Conflict and Interpersonal Communication
Read this section to define interpersonal conflict, compare and contrast the five styles of interpersonal conflict management, explain how perception and culture influence interpersonal conflict, and list strategies for effectively managing conflict. For the time being, skip the "Culture and Conflict" section, which we will cover in Unit 6.
Avoiding
The
avoiding style of conflict management often indicates a low concern for
self and a low concern for other, and no direct communication about the
conflict takes place. However, as we will discuss later, in some
cultures that emphasize group harmony over individual interests, and
even in some situations in the United States, avoiding a conflict can
indicate a high level of concern for the other. In general, avoiding
doesn't mean that there is no communication about the conflict.
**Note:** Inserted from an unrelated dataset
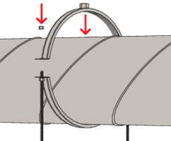 - Ab Größe 450 mm: Befestigung der Rohrschellen mit zwei Gewindestangen am Schellenband möglich zur Verdopplung der angegebenen Lasten.

Remember, you cannot not communicate. Even when we try to avoid
conflict, we may intentionally or unintentionally give our feelings away
through our verbal and nonverbal communication. Rosa's sarcastic tone
as she tells D'Shaun that he's "Soooo good with money!" and his
subsequent eye roll both bring the conflict to the surface without
specifically addressing it. The avoiding style is either passive or
indirect, meaning there is little information exchange, which may make
this strategy less effective than others. We may decide to avoid
conflict for many different reasons, some of which are better than
others. If you view the conflict as having little importance to you, it
may be better to ignore it. If the person you're having conflict with
will only be working in your office for a week, you may perceive a
conflict to be temporary and choose to avoid it and hope that it will
solve itself. If you are not emotionally invested in the conflict, you
may be able to reframe your perspective and see the situation in a
different way, therefore resolving the issue. In all these cases,
avoiding doesn't really require an investment of time, emotion, or
communication skill, so there is not much at stake to lose.
Avoidance
is not always an easy conflict management choice, because sometimes the
person we have conflict with isn't a temp in our office or a weekend
houseguest. While it may be easy to tolerate a problem when you're not
personally invested in it or view it as temporary, when faced with a
situation like Rosa and D'Shaun's, avoidance would just make the problem
worse. For example, avoidance could first manifest as changing the
subject, then progress from avoiding the issue to avoiding the person
altogether, to even ending the relationship.
Indirect
strategies of hinting and joking also fall under the avoiding style.
While these indirect avoidance strategies may lead to a buildup of
frustration or even anger, they allow us to vent a little of our
built-up steam and may make a conflict situation more bearable. When we
hint, we drop clues that we hope our partner will find and piece
together to see the problem and hopefully change, thereby solving the
problem without any direct communication. In almost all the cases of
hinting that I have experienced or heard about, the person dropping the
hints overestimates their partner's detective abilities. For example,
when Rosa leaves the bank statement on the kitchen table in hopes that
D'Shaun will realize how much extra money he is giving Casey, D'Shaun
may simply ignore it or even get irritated with Rosa for not putting the
statement with all the other mail. We also overestimate our partner's
ability to decode the jokes we make about a conflict situation. It is
more likely that the receiver of the jokes will think you're genuinely
trying to be funny or feel provoked or insulted than realize the
conflict situation that you are referencing. So more frustration may
develop when the hints and jokes are not decoded, which often leads to a
more extreme form of hinting/joking: passive-aggressive behavior.
Passive-aggressive
behavior is a way of dealing with conflict in which one person
indirectly communicates their negative thoughts or feelings through
nonverbal behaviors, such as not completing a task. For example, Rosa
may wait a few days to deposit money into the bank so D'Shaun can't
withdraw it to give to Casey, or D'Shaun may cancel plans for a romantic
dinner because he feels like Rosa is questioning his responsibility
with money. Although passive-aggressive behavior can feel rewarding in
the moment, it is one of the most unproductive ways to deal with
conflict. These behaviors may create additional conflicts and may lead
to a cycle of passive-aggressiveness in which the other partner begins
to exhibit these behaviors as well, while never actually addressing the
conflict that originated the behavior. In most avoidance situations,
both parties lose. However, as noted above, avoidance can be the most
appropriate strategy in some situations - for example, when the conflict
is temporary, when the stakes are low or there is little personal
investment, or when there is the potential for violence or retaliation.